Para lo que no estaba preparada tampoco, es para volver al cole. Yo. A mis cuarenta. Un mes de clases tengo.
De inglés, ya contaba con ellas, entiendo que se hagan y hasta tenía ganas de ellas. Hay muchos métodos de aprender a leer en inglés, y no es algo que yo haya aprendido cuando iba al cole (porque no se en el resto, en el cole al que yo fui, la fonética no se miraba ni de reojo). Mi marido el inglés, por su parte, tiene dislexia bastante severa por lo que no es la mejor ayuda para aprender a leer. Así que esas las estaba esperando ansiosa. Dos semanas de clases, dos horas diarias.

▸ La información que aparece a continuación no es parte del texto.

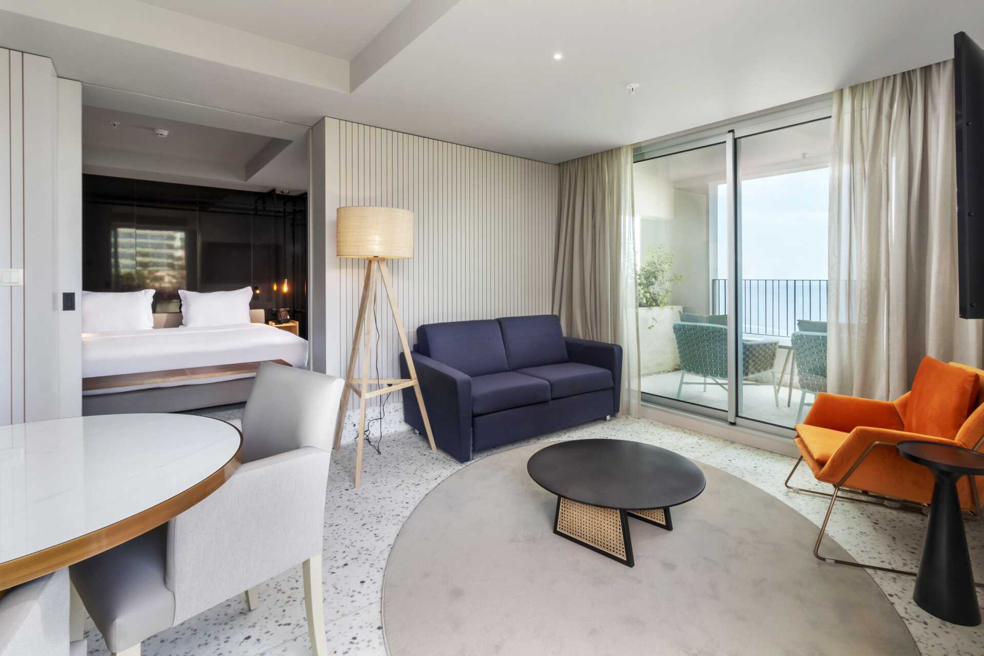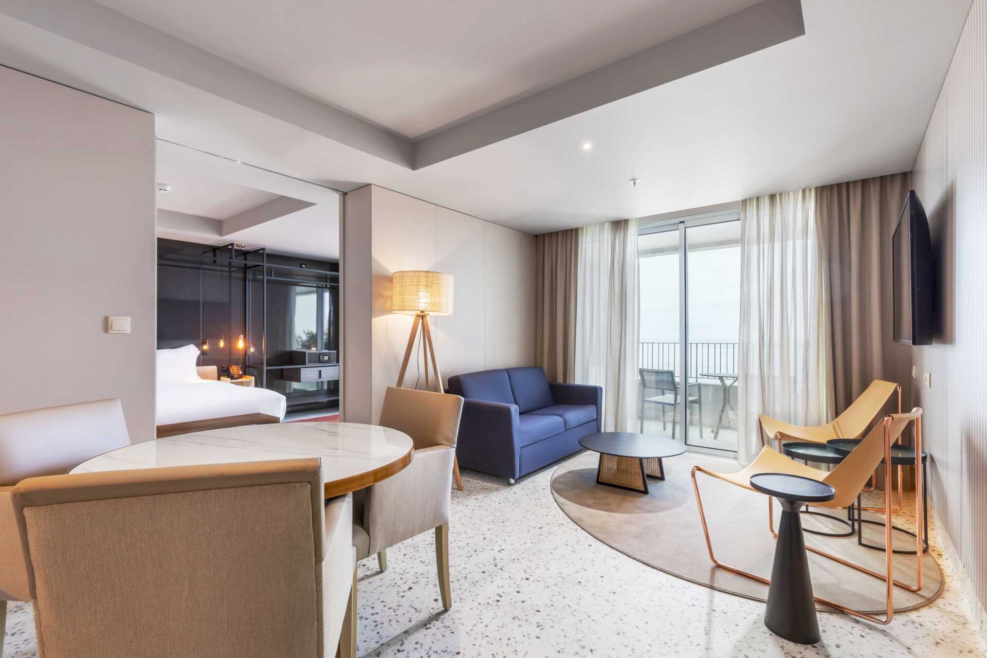 Suite med balkon. Suiterne består af et soveværelse og et opholdsrum, der kan adskilles med en skydedør. En dobbeltseng eller to enkeltsenge. Mulighed for ekstra opredninger i sovesofa. Børn i alderen 3 til 13 år kan bookes i suiten med plads til to børn i en ekstra opredninger. Gratis wifi og aircondition. Deponering mod betaling. Minibar. El-kedel og kaffe/te. Tv med internationale kanaler. Badekåber og tøfler. Hårtørrer. Badeværelse med bruser og toilet. Rengøring 7 gange om ugen. Børn under to år tæller med i det maksimale antal personer på værelset.
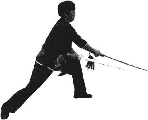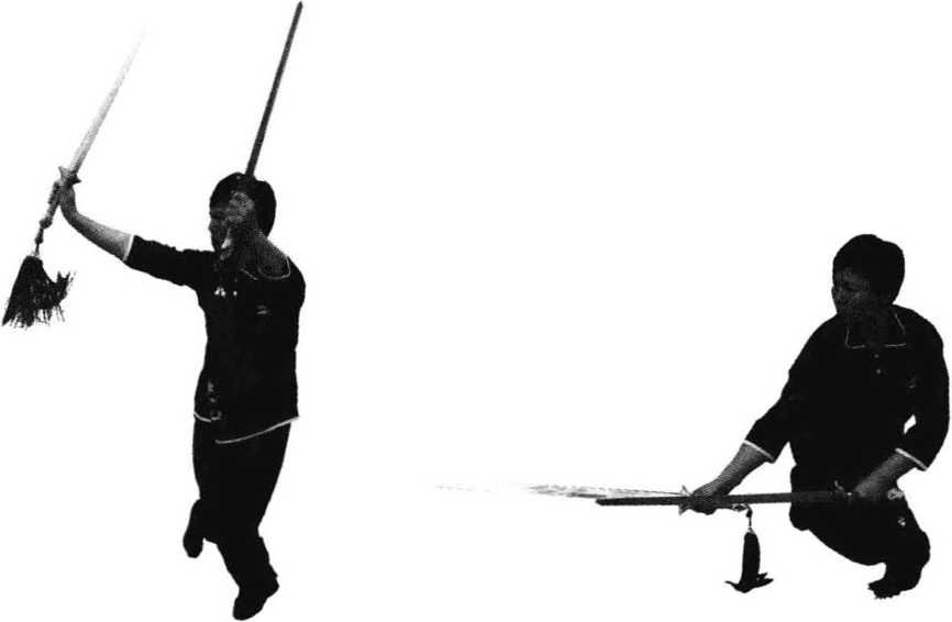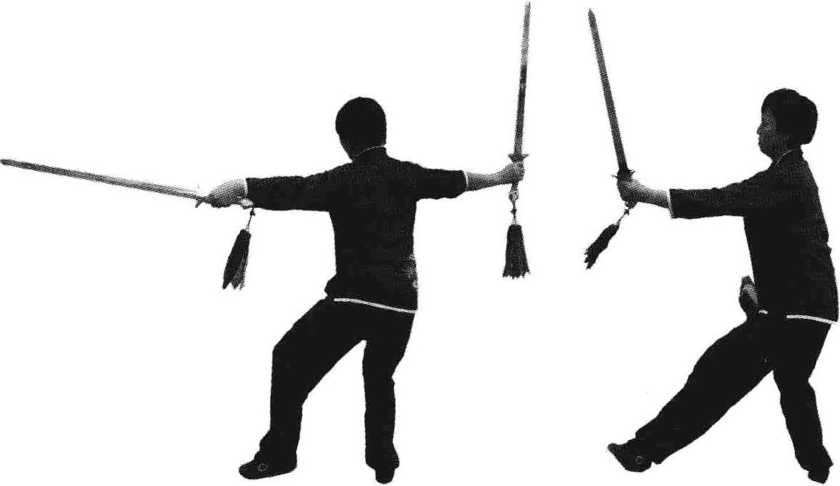 (1)接上式,身法上领,重心左移,右手持剑由上向下斜劈, 左手持剑横扫,如图3.21」所示。
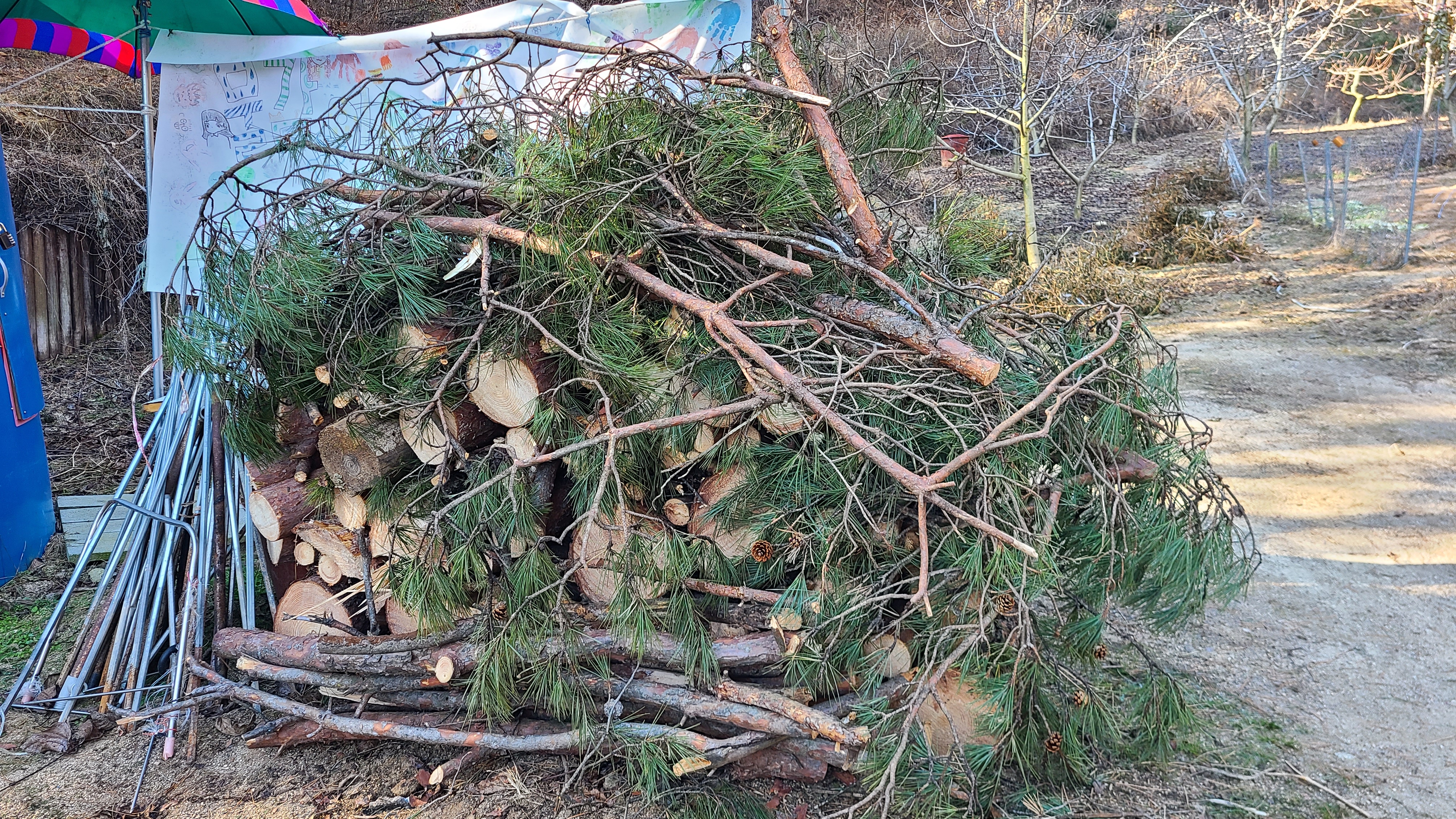 가지를 베고 나무를 적당한 길이로 잘라낸다. 전동톱이 아니면 엄두를 내지못할 일이다.
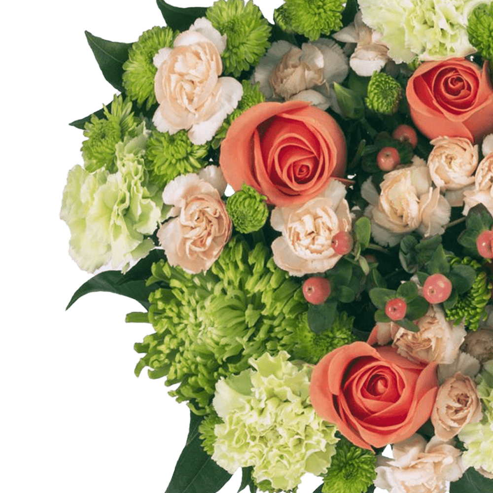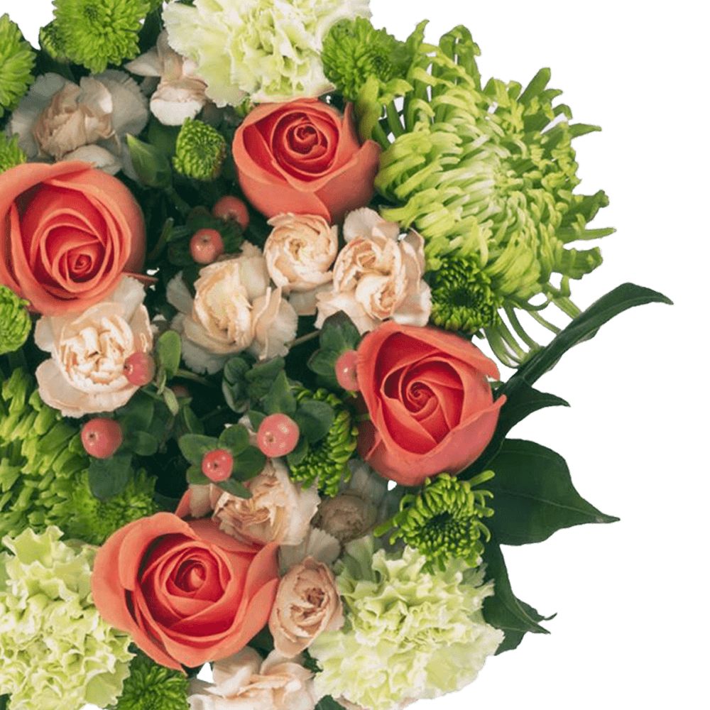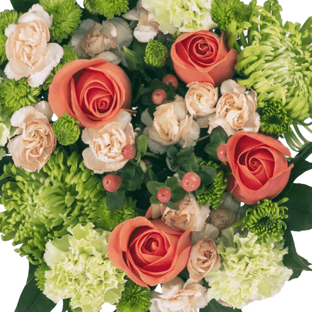 Ice Cream Arrangement is a stunning bouquet of 25 flowers. Each box contains 1 dazzling arrangement no vase included. This has 2 stems of Green Spider Mums, 4 stems of Cocculus, 4 stems of Green Carnations, 2 stems of Pink Hypericum, 4 stems of Orange Rose, 5 stems of Peach Spray Carnations and 4 stems of Zembla Cushion Pompoms.

Pero parece ser que también tengo que ir a clases de mates. Hablando con las profes, me dijeron que las cosas habían cambiado mucho desde que yo fui al cole. Debe de ser que Fran Perea nos dejó confundidos, y que ahora resulta que 1+1 ya no son 2, yo que se. La profe me lo confirmó con una risita. Que ilusión no le hace ponerse a hacer horas extra para dar clases a los padres, pero que las cosas han cambiado. Ahora tengo una semana de clases, otra vez dos horas diarias, para aprender las mates que van a aprender en el cole, no se. En el fondo, estoy expectante de descubrir a qué es igual ahora 1+1.

Y las de educación física…mimá. Esa sí que me dan acojone. Y me las han puesto a traición. Se supone que teníamos dos semanas de fonética, y una semana de mates. Pero a traición, en pequeñito, había una nota que también habría un seminario de educación física. Menos mal que son solo un día. Vamos a ver, querido cole nuevo de mis peques: ni se te vaya a pasar por la cabeza que me vas a poner ahora a correr la prueba de Cooper, a saltar el potro o a trepar por la cuerda. Ya te lo voy avisando.
Por otro lado, ¿sabéis qué pasa si suspendo? A ver si me van a mandar a repetir curso, ¿O me quedo sin vacaciones de Navidad, estudiando para la recuperación? ¡Quién me iba a decir a mi que, a mi edad, me iba a dedicar a volver al cole!
La verdad, es que no tengo muchas expectativas de aprobar…entre que yo no corro ni para coger el bus, que parece ser que mis conceptos básicos de mates no son correctos, y que no se pronunciar correctamente la mitad de los fonemas ingleses, pues creo que igual echan a los niños del cole y me ofrecen a mi la plaza para empezar desde cero.
Andrea M.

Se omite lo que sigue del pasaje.